Читаем London: The Biography полностью

Travellers noticed impoverishment everywhere and commented how degrading and degraded were the London poor, quite different from their counterparts in Rome or Berlin or Paris. In 1872 Hippolyte Taine remarked that he recalled “the lanes which open off Oxford Street, stifling alleys thick with human effluvia, troops of pale children crouching on filthy staircases; the street benches at London Bridge where all night whole families huddle close, heads hanging, shaking with cold … abject, miserable poverty.” In a city based upon money and power, those who are moneyless and powerless are peculiarly oppressed. In London, of all cities, they are literally degraded, stripped of all human decency by the operations of a city that has no other purpose except greed. That is why the poor were “abject” in the streets of nineteenth-century London and, as the city increased in power and magnitude, so did the numbers of the poor increase.
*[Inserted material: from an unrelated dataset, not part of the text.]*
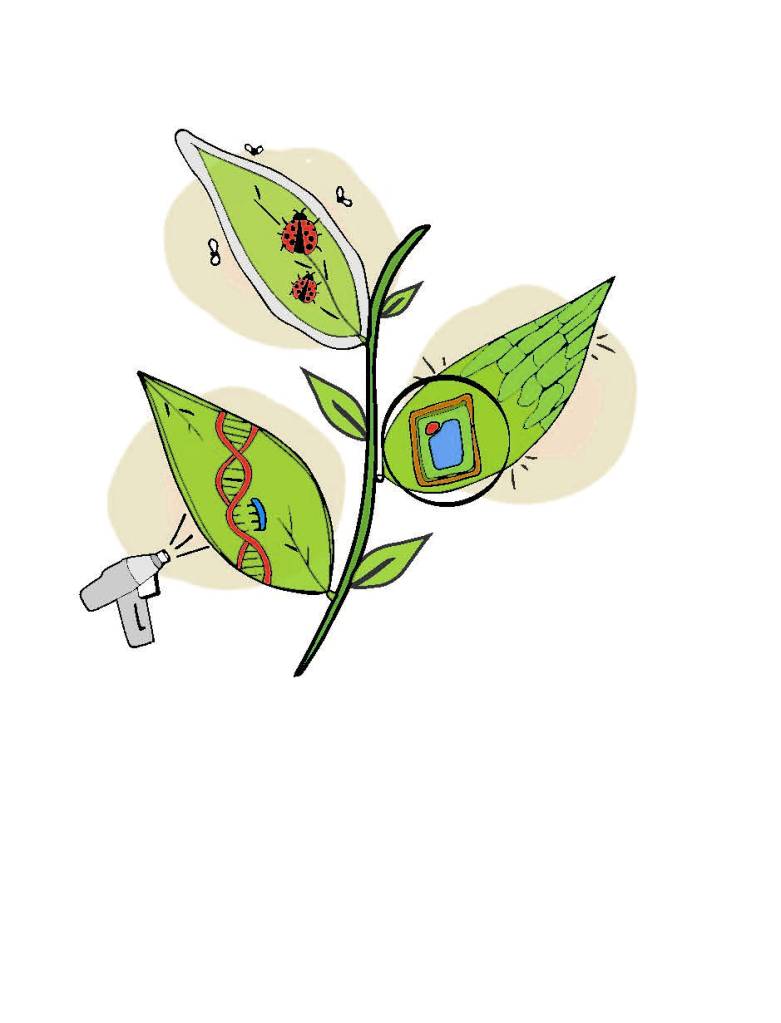 The clouds are darkening on the western horizon, and a faint promise of rain hangs in the air. You look out at the cornfield, taking in the greenery. Then you notice – it’s not just corn. Interspersed with the ripening stalks are rows of low soybean plants, their pods spilling over the dark soil, and in the distance, you can see a few orderly patches of sedge and ryegrass. This farm is intercropping – growing multiple crops together on the same land. Intercropping is an ancient practice. For centuries in pre-Columbian America, the “Three Sisters,” corn, beans, and squash, were grown in the same fields, each plant strengthening the others.36-38 Today, intercropping is gaining traction among many farmers – it raises productivity, improves nitrogen fixation, and strengthens the soil microbiome, making it harder for pathogens to spread.39-41 One study from the University of Florida found that intercropping even reduces crop loss to insects.41 It’s not entirely clear why, but one hypothesis is that most destructive species are “specialists” in one crop; in multi-cropped fields, less destructive “generalist” insects are at an advantage.42 Intercropping may also provide a level of “biological control,” allowing the natural enemies of pests, like predatory insects, to keep them at bay.43 This process is key to regenerative agriculture, farming practices that mimic natural ecosystems. It works hand-in-hand with a new high-tech solution – plant immunotherapy. Derivatives of CRISPR, the Nobel Prize-winning gene editing technology, can be used to target viral DNA when it enters plant cells, or splice out the genes that viruses and fungi use as footholds to enter.44 Early results are promising – in crops as diverse as cucumbers, rice, and tomatoes, these methods induce resistance to common pathogens.44 Another strategy uses tiny interfering RNA molecules that mediate viral resistance,** engineering them into plant genomes to recognize and attack viruses as they try to replicate.45 Crops can even be modified to produce animal antibodies,46 which our immune systems use to recognize viruses.***

They represented almost a city within the city, and such a large aggregate of human misery could not be ignored. John Hollingshead’s Ragged London, published in 1861, suggested that one-third of the urban population lived “in unwholesome layers, one over the other, in old houses and confined rooms” which themselves were to be found in “filthy, ill constructed, courts and alleys.” The atmosphere of disgust and menace here is only barely suppressed. In London, Mrs. Cook concluded in Highways and Byways of London (1902) “misery is strangely prolific,” which suggests that the fear of the poor derived from the fact that they were likely to multiply indefinitely. She was speaking of the Borough: there poverty and misery seemed to have grown to such an extent that Southwark was overcome by it, but she could have been referring to a hundred other parts of the city. The places of the poor were “pestilential,” according to the author of The Bitter Cry of Outcast London in 1883, thus confirming the fear that this kind of abject poverty and degradation was, in the conditions of London, somehow contagious; the futility and the despair might spread throughout the rookeries, where “tens of thousands are crowded together amidst horrors.”

It is as if the streets themselves engendered these huddled masses. A newspaper report of 1862 named “Nichols Street, New Nichols Street, Half Nichols Street, Turville Street, comprising within the same area numerous blind courts and alleys.” Here the litany of street names itself is meant to conjure up degeneration, where the “outward moral degradation is at once apparent to any one who passes that way.” So the houses and lanes themselves are guilty of “moral degradation.” Does the city reflect its inhabitants, or do its inhabitants mimic the conditions of the city? Dwellers and dwelling places become inexact metaphors for one another, as in this passage from Jack London’s The People of the Abyss (1903): “Everything is helpless, hopeless, unrelieved and dirty … The people themselves are dirty, while any attempt at cleanliness becomes howling farce, when it is not pitiful and tragic … The father returning from work asks his child in the street where her mother is: and back the answer comes, ‘In the buildings.’” Observers were generally agreed that the life of the poor had reached such a level of hopelessness and squalor that “a new race has sprung up” and, further, that “it is now hereditary to a very considerable extent.” If Victorian London was itself so changed as to have become a new city, here was the new population with which it was filled.

This was the urban phenomenon which Engels diagnosed, and which he watched closely. In St. Giles, “the extent to which these filthy passages are fallen into decay beggars all description … the walls are crumbling, the door posts and window frames are loose and rotten.” Marx lived a few yards away in Soho. So the condition of the mid-nineteenth-century city directly inspired the founders of communism; it might be said that their creed issued out of the slums of London, and those Victorian observers who believed that some great or alarming new reality would emerge from the pervasive presence of the poor were not wholly wrong. The London poor did indeed generate a new race or class, but in countries and civilisations far distant.